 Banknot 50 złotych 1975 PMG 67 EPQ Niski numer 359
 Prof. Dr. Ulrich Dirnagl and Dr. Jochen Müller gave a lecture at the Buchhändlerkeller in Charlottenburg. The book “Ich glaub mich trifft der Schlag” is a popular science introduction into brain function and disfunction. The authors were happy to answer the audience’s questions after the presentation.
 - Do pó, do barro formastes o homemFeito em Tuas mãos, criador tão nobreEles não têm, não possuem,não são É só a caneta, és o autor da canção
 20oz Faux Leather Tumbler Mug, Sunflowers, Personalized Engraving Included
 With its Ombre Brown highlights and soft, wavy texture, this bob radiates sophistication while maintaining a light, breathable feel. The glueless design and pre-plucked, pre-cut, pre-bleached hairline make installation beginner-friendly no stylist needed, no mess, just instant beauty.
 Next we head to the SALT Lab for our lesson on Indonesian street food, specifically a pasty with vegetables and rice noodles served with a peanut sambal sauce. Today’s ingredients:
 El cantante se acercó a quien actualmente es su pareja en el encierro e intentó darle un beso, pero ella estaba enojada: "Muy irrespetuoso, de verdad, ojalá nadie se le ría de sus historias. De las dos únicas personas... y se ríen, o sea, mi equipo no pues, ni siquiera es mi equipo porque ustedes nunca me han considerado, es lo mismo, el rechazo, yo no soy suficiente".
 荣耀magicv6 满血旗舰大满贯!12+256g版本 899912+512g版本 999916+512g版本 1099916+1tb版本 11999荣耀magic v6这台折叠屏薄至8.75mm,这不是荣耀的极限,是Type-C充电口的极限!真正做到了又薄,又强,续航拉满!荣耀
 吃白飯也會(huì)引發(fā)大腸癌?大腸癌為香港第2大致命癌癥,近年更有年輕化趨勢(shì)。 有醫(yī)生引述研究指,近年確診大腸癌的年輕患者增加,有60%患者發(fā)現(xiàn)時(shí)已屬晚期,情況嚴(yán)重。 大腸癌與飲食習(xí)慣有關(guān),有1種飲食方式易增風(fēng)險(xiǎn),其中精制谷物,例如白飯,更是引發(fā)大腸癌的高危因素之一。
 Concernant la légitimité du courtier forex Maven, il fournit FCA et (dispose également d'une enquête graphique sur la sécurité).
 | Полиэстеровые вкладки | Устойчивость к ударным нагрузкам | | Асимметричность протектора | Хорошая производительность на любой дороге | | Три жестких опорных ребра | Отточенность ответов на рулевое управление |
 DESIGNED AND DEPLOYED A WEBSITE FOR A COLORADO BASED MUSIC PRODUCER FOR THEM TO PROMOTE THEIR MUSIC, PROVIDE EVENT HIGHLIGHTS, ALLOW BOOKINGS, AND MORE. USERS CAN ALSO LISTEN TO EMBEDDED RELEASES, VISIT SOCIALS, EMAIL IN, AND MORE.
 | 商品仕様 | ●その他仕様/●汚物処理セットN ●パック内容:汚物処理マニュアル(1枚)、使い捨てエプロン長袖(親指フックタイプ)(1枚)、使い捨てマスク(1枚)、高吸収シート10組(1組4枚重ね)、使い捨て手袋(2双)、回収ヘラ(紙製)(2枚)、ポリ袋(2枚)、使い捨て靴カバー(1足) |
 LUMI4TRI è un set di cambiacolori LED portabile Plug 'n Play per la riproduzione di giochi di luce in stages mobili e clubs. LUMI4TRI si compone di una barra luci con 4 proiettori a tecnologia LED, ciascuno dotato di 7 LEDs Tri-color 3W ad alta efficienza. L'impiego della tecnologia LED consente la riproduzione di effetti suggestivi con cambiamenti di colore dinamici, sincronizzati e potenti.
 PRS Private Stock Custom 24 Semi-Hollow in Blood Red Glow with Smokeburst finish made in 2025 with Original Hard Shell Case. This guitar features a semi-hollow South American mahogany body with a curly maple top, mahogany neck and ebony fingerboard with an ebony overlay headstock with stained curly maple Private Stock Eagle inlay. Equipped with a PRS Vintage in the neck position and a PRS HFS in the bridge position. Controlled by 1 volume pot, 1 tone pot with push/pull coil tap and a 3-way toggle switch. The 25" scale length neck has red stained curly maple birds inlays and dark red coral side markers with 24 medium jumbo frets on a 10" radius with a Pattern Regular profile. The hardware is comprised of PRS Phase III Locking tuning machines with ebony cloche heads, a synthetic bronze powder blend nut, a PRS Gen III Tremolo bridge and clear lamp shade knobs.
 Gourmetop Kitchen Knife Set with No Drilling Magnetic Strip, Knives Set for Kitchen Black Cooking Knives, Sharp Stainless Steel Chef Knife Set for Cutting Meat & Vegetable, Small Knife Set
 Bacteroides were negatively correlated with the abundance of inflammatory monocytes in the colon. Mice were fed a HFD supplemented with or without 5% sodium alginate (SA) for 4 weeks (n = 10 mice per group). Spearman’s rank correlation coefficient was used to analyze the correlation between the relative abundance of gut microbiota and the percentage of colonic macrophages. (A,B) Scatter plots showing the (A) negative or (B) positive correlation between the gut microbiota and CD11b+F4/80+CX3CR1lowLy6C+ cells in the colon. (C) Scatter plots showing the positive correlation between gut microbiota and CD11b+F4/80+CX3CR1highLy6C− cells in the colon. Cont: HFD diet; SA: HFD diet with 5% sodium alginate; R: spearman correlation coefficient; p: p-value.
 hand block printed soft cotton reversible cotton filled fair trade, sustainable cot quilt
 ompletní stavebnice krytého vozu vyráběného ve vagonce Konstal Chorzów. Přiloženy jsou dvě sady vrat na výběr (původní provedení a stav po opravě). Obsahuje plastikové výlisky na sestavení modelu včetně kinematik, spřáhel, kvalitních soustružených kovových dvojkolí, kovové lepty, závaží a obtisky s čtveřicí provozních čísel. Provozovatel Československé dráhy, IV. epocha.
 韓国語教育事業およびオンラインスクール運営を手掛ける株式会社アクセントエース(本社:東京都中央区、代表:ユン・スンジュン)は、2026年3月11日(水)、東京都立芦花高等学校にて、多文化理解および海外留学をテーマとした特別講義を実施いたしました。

•••

## ACTIVITY
Up to and including the last line of the material, reproduce every line exactly, beginning with the one that contains "hand block printed" and adding nothing else.

## COMPLETED EXERCISE
 hand block printed soft cotton reversible cotton filled fair trade, sustainable cot quilt
 ompletní stavebnice krytého vozu vyráběného ve vagonce Konstal Chorzów. Přiloženy jsou dvě sady vrat na výběr (původní provedení a stav po opravě). Obsahuje plastikové výlisky na sestavení modelu včetně kinematik, spřáhel, kvalitních soustružených kovových dvojkolí, kovové lepty, závaží a obtisky s čtveřicí provozních čísel. Provozovatel Československé dráhy, IV. epocha.
 韓国語教育事業およびオンラインスクール運営を手掛ける株式会社アクセントエース(本社:東京都中央区、代表:ユン・スンジュン)は、2026年3月11日(水)、東京都立芦花高等学校にて、多文化理解および海外留学をテーマとした特別講義を実施いたしました。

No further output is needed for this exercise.